Japan To Get 1Gbps Home Fiber Connections 275
ashitaka writes "KDDI has announced that they will be launching a 1Gbps Internet service to single-family home and condo users in October. The service is supposedly synchronous, with 1Gbps in both directions, although the article implies that speeds will vary with location. Cost will be 5,985 yen/month (about US$56.50) for the basic Internet and IP phone service. This is intended to compete with NTT, who currently control over 70% of the Japanese FTTH market."
Synchronous? (Score:5, Informative)
Re:If you can afford a single-family home in Tokyo (Score:1, Informative)

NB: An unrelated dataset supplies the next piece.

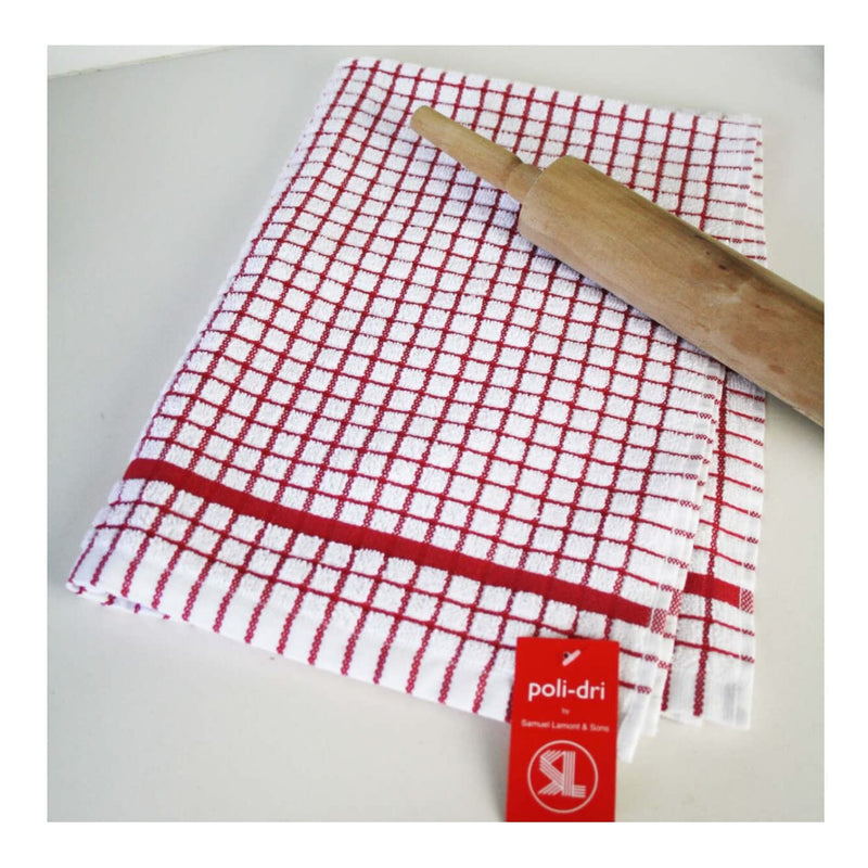Poli-Dri Cotton Tea Towel Kitchen Linens 6-Pack White/Red by Samuel Lamont

While what you say is largely true, suburbs that are about an hour by train can be quite inexpensive. And most companies buy a monthly pass for you. And where I live in Osaka, the rent is lower compared to the place I was renting back in India.
On topic, this is awesome news indeed. I currently pay 5500 Yen for a 100Mbps from K-Opt/eonet(http://eonet.jp). But too bad that I am living in the western part of Japan.
Re:Hope they start using bittorrent (Score:4, Informative)
Not in Japan (Score:5, Informative)
I thought the service providers were already complaining about individual users clogging up "the pipes". Giving a bigger bandwidth to end users is just asking for more backend network congestion.
Far from it, actually. Japan is the world leader in internet infrastructure.
See the recent study [google.com] that quantified this into a "bandwidth quality score" for 42 countries. Japan's score was basically double everyone else. USA scored 16th, UK 24th.
And their population is only a little less than half of the United States, but being spread out over an area 25 times smaller is really what makes adoption a bit easier for them.
Re:Think of the Backbone (Score:4, Informative)
I work at tech support for one of swedens largest ISP:s (bredbandsbolaget). We're currently testing 1gbit-connections with a couple of hundred customers. I'm guessing we'll start selling to the general public within the next two years or so. ^^
Re:Brilliant! (Score:2, Informative)
Actually you are off by a little bit. Bytes are measured in powers of 1024, while bits are not. Thus you need to adjust by a factor of 2^30/10^9.
Or 30 GB * (1 S/Gb) * (Gb/10^9 b) * (8 b / B) * (2^30 B / GB) = 4 minutes 18 seconds
Re:Think of the Backbone (Score:1, Informative)
IIRC, Bredbandsbolaget has said that they will upgrade all their fiber customers to 1000/1000 by 2010.
Re:Brilliant! (Score:5, Informative)
Considering that blue-ray is 1080p, but limited to 54Mbps, I think one can safely assume, that 1Gbps is not entirely necessary for that kind of thing.
Super HiVision, on the other hand, would be a different matter.
Re:Slashdot, get your act together! (Score:4, Informative)
Not Slashdot's fault. Mine. I've been putting in networks long enough (22 years) to know the difference.
Must be getting senile.
Re:If the island of Japan can do this... (Score:2, Informative)
It is not entirely about population or population density. There's almost as much people in London as there are people in the whole of Sweden. UK people should on average have better internet access than us swedes.
Population:
Sweden: 9,2 million
UK: 60 million (7 million in London)
Land area:
Sweden: 450 000 square kilometer
UK: 245 000 square kilometer
Population density:
Sweden: 20 individuals / square kilometer
UK: 250 individuals / square kilometer
US: 30 individuals / square kilometers (still there should be enough people in the big cities to support some insane broadband)
(numbers from wikipedia)
Re:Not hard technology; it's the politics (Score:3, Informative)
In terms of their GDP, yes, their debt is massive (nearly double their GDP, compared to ~60% in the US's case), but their current accounts (effectively trade balance) is in much better shape than the US, sitting at about 200 billion (2nd highest only after China) in the positive, compared to the US which is over 7 trillion in the negative.
Re:If you can afford a single-family home in Tokyo (Score:3, Informative)
I guess this is off topic, but I have to agree with you. I think that people think of Japan as crowded and expensive because they come here as tourists. They go to all the famous sites where people are jammed in like sardines. And they buy stuff at tourist places and get ripped off. Or eat steak at a restaurant.
I've been living here a year (admittedly in the inaka) and I spend *far* less than I did in Canada. Of course, you have to live like a Japanese person (buy the same food, wear the same clothes, enjoy the same entertainment, avoid traveling around, etc), but once you do prices become quite reasonable -- even in Tokyo.